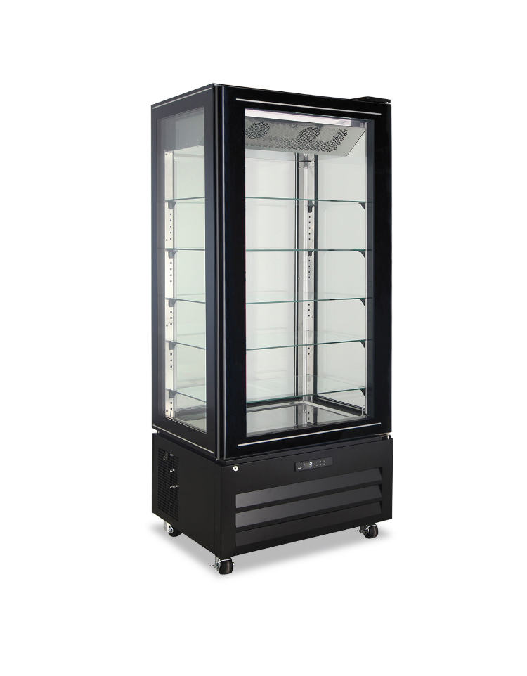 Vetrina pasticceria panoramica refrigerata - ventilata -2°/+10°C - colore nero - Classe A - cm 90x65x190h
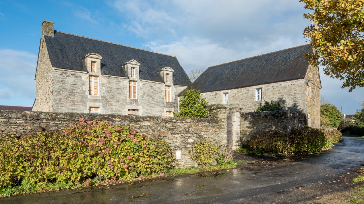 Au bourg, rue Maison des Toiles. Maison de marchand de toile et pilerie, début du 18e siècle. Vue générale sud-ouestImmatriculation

....

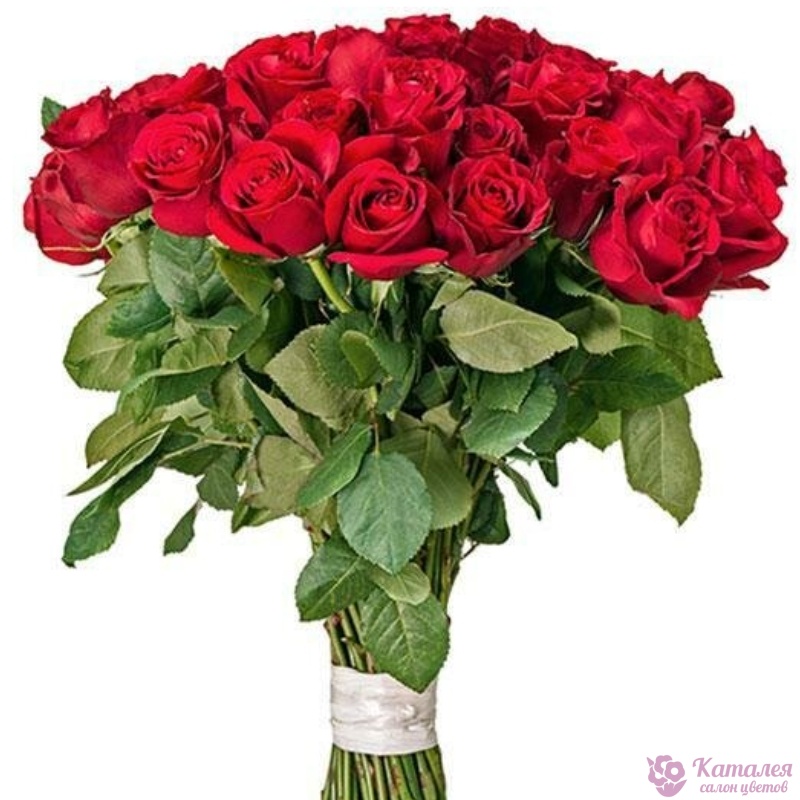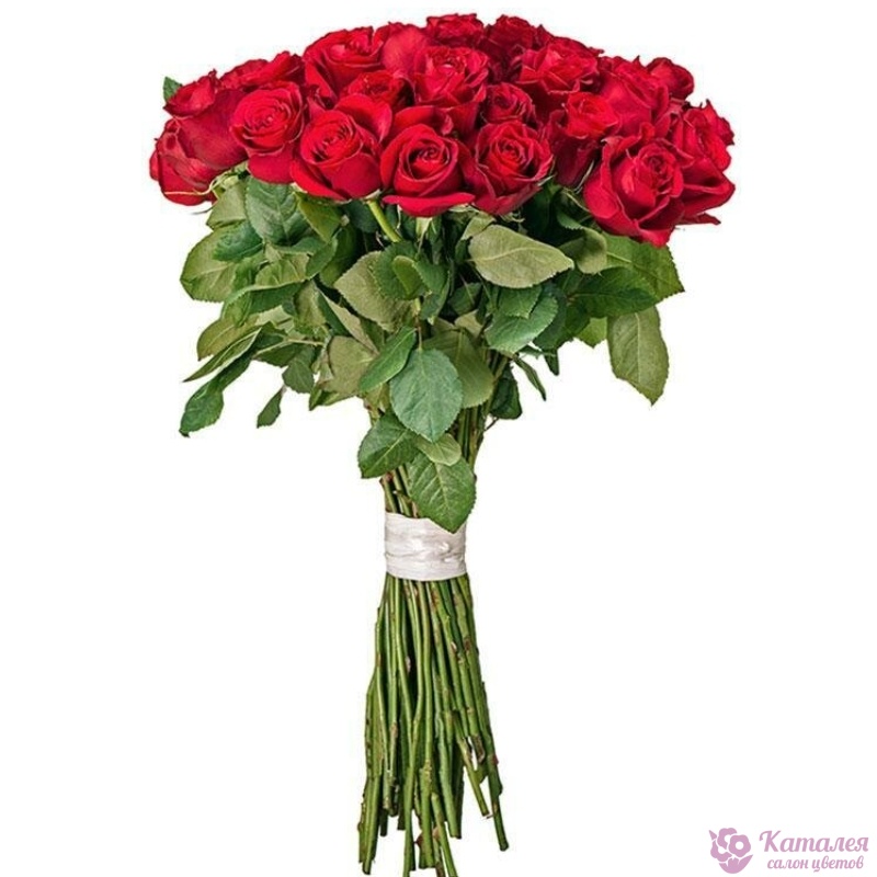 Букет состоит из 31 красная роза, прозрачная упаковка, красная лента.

....

- Goal of the exercise -
From the line with "Vetrina pasticceria panoramica" up to and including the line with "Au bourg, rue" above, retype every line exactly and nothing more; leave out the pictures.

- Result below -
 Vetrina pasticceria panoramica refrigerata - ventilata -2°/+10°C - colore nero - Classe A - cm 90x65x190h
 Au bourg, rue Maison des Toiles. Maison de marchand de toile et pilerie, début du 18e siècle. Vue générale sud-ouestImmatriculation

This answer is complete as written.